On New Year’s Day we had a surprise. Lady Anna, the king’s beloved sister, as she was officially known, came in her cloth-of-gold-covered carriage from Richmond to visit us.

She brought only one maidservant with her, and a tall, lanky footman who seemed to anticipate her every need. He was instantly in place to help her down from her carriage. He dogged her footsteps. He gave orders to the carriage driver and to our grooms—rather presumptuously, I thought. And once Anna had been welcomed and brought into my suite, he stayed near her, always within reach, watching for her least need or request.

I was pleasantly surprised at the change I saw in Anna. She was softer, more flatteringly dressed than in the past in a peach-colored gown, and she had exchanged the spaniel-eared Clevan headdress for a face-framing French hood of the kind I favored. She looked, I realized, more English. And why not? She had been in England for a year, and by all accounts was well regarded by the country folk who lived near her palace. When I first saw her in Cleves she had been uncharitable, now, however, she chattered away to us about the alms she gave daily to the beggars and poor discharged soldiers who came to her gate.

It was still true that she could not by any means be called pretty—Charyn would have been merciless in appraising her few charms and reducing them to cinders. Nor was she appealingly feminine. She was too tall and ungainly, her shoulders too broad, her gait too striding, and worst of all, her complexion had not improved.
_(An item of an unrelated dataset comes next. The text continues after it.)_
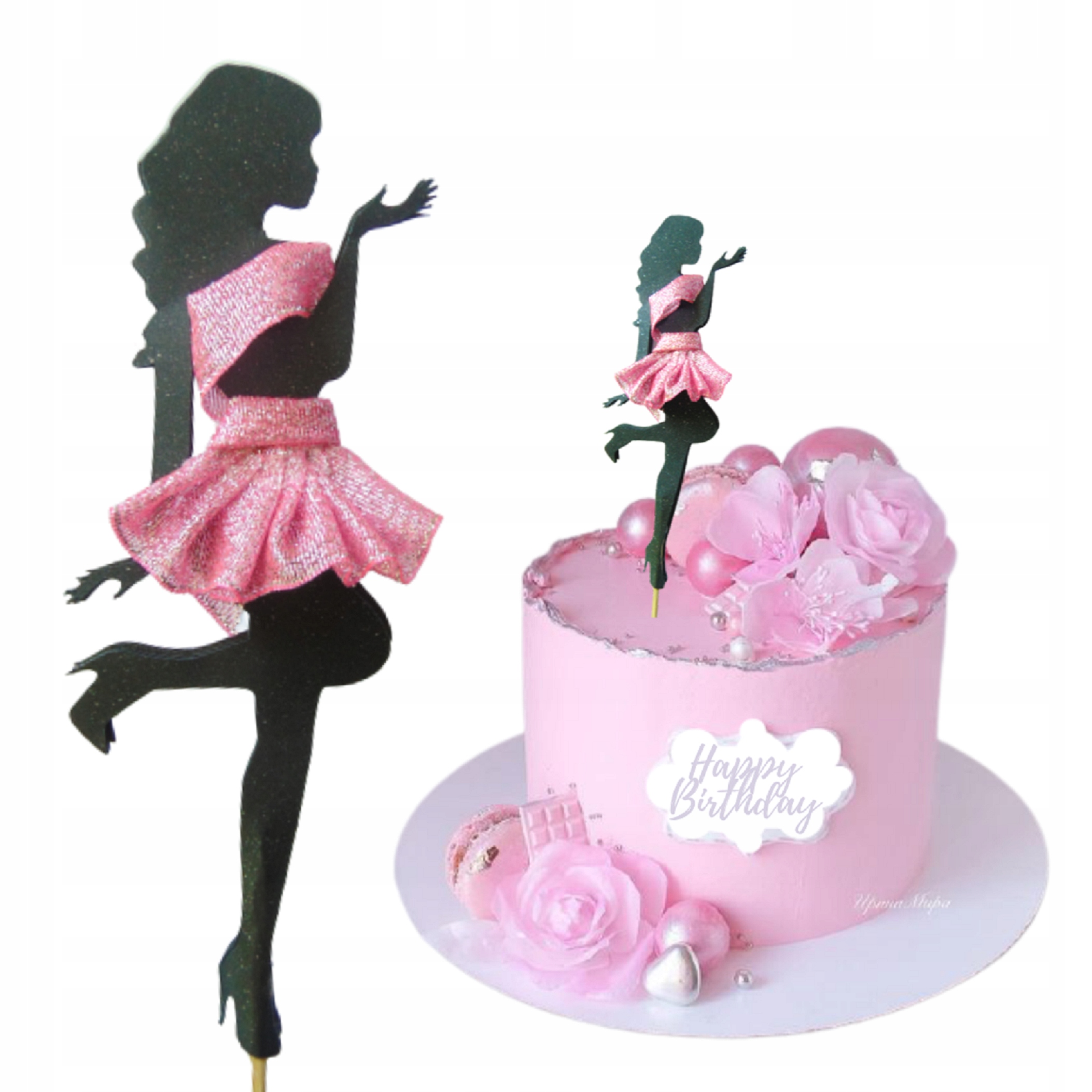 Топпер жесткий, изготовлен из экологически чистой бумаги очень хорошего качества, и если вы поднесете его к свету, то увидите его нежную текстуру. Дополнительно розовое платье с блестками. Блеск не выпадает при выпекании. Интересный акцент для женских тортов или девичников. Также рекомендуем имениннику добавить на топпер цифры, которые вместе украсят праздничный торт.

But she no longer pursed her lips in disapproval, or clenched her face. She seemed more open, more ready to be herself. It was a welcome change.

And yet, as I soon realized, she had not come on a sociable visit. She had come to gloat.

“What then, Catherine! No babies yet?” she trilled. Her English pronunciation had improved, though her accent was still strong.

“What has happened! Does the king decide he does not like you after all? My dear mama said he would grow tired of you. Perhaps he goes to search for a different wife!” She laughed at her own joke. “Perhaps he goes to Cleves to look for one!”

“We have not yet been blessed with children, Anna,” I said evenly. “They will come when the Lord sends them.” I turned the conversation to the weather, the state of the roads, the recent Christmas festivities and our masque. But Anna seemed bored by all these topics.

“Do you still have your monkey?” she wanted to know.

“Yes, Jonah is well and flourishing.”

Anna tittered. “Perhaps he will be your only son. That monkey!”

The king joined us, leaning on his cane as he came into the room. He was overly polite, as if he felt he had to compensate Anna for an injury done her. And indeed that was precisely the case: he had injured her. He had changed the entire course of her life by his rejection of her. But looking at her as she had become after living among us for a year, I could only conclude that the change had been for the better.

“What about a game of cent?” he said, and at once Anna’s face brightened. I remembered how she liked to play cards, how engrossed she became in the petty losses and victories of the game. How she loved risk, and found it at the card table.